Danville Express

Newsfront - September 14, 2007

High tech health care is costly

John Muir reaches out as it kicks off capital campaign

by Dolores Fox Ciardelli

Health care has never been so high tech, or so expensive.

Danville Area Chamber of Commerce members toured John Muir Medical Center recently to see the emergency facilities and learn about five-year expansion plans. John Muir will invest $800 million in it building projects, renovations and expansion of the medical center facilities.

"John Muir's profits are put back into our facilities," said Kimberly Low, capital campaign director after someone asked the difference between John Muir and a for-profit hospital. "We're designed to be a benefit to the community."

The tour began with the emergency room, where patients check into a small lobby and are triaged to gauge the level of urgency. The emergency services director was viewing an X-ray of a hand on a screen while on the phone with someone viewing the identical image, using the Picture Archiving and Communications System (PACS) funded by the foundation.

"The busiest times are from 3 p.m. to 11 p.m. on Friday and Saturday," said Susan Woods, a foundation board member who led the tour.

The emergency room will be renovated in four phases and will expand from its current 22 beds to 44.
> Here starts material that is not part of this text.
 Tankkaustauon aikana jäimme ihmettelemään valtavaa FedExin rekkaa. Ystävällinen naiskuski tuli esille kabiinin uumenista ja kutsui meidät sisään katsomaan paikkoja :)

John Muir-Walnut Creek is the trauma center for all of Contra Costa, Solano and Marin counties, and handles 1,400 cases per year. The helicopter pad in the parking lot will be moved to the roof as part of the renovations.

The group also toured the Radiation Oncology Department, to learn about the Novalis system, which uses radiation beams to precisely hit on and around a tumor.
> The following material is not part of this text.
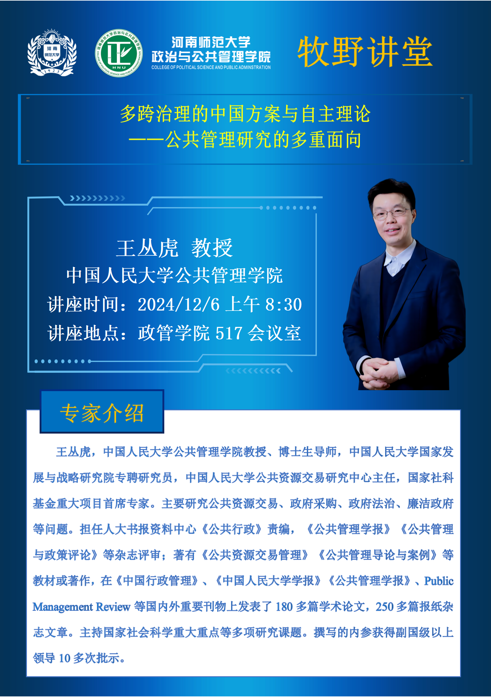 中国人民大学王丛虎教授将应邀做客“牧野讲堂”

"We can beam on what we need to treat," said department manager Margaret Murphy.

She explained that horror stories of side effects from radiation treatments are from decades ago when radiation was applied to large portions of the body rather than pinpointing the cancer cells plus a safety margin.

"We're 100 percent confident treating a tiny target," she noted.
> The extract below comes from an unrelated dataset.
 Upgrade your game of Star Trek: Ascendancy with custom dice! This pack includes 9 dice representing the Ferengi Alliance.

The third stop on the tour was the Cardiac Rhythm Center, where cardioverter defibrillators are implanted. The facility rivals those in university settings and is unmatched in the East Bay, said Margaret Simor, director of clinical operations for John Muir Health System's cardiovascular service line.

The expansion is being funded by bonds, cash on hand and philanthropy, said Health Foundation President Milt Smith.

Margins are slim at John Muir, explained Smith. At most hospitals, margins around 2-5 percent are considered to be good.

"At John Muir, we're always shooting for margins of around 5 percent," said Smith.

The surplus is applied to the following year's operating budget.

"John Muir is noted for its quality medical staff," Smith said. "'High tech' and 'high touch' - that's what our money is used for. Salaries are about 40 percent of our budget."

Payments by insurance companies and Medicare are not necessarily what patients see on their bills, he said. The fees are negotiated between the insurance companies and the hospital.

"Everything is cleaned within an inch of its life," he also noted, which has a cost.

The five-year expansion at John Muir-Walnut Creek will add 234 new rooms, for a total of 410, including more private rooms, which have been proven to facilitate healing. The neonatal intensive care nursery will have its capacity increased from 19 beds to 34, with a combination of private and semi-private rooms for critically ill newborns and sleep chairs for parents. Three new inpatient surgical suites will be built for a total of 13, with room for the latest technology.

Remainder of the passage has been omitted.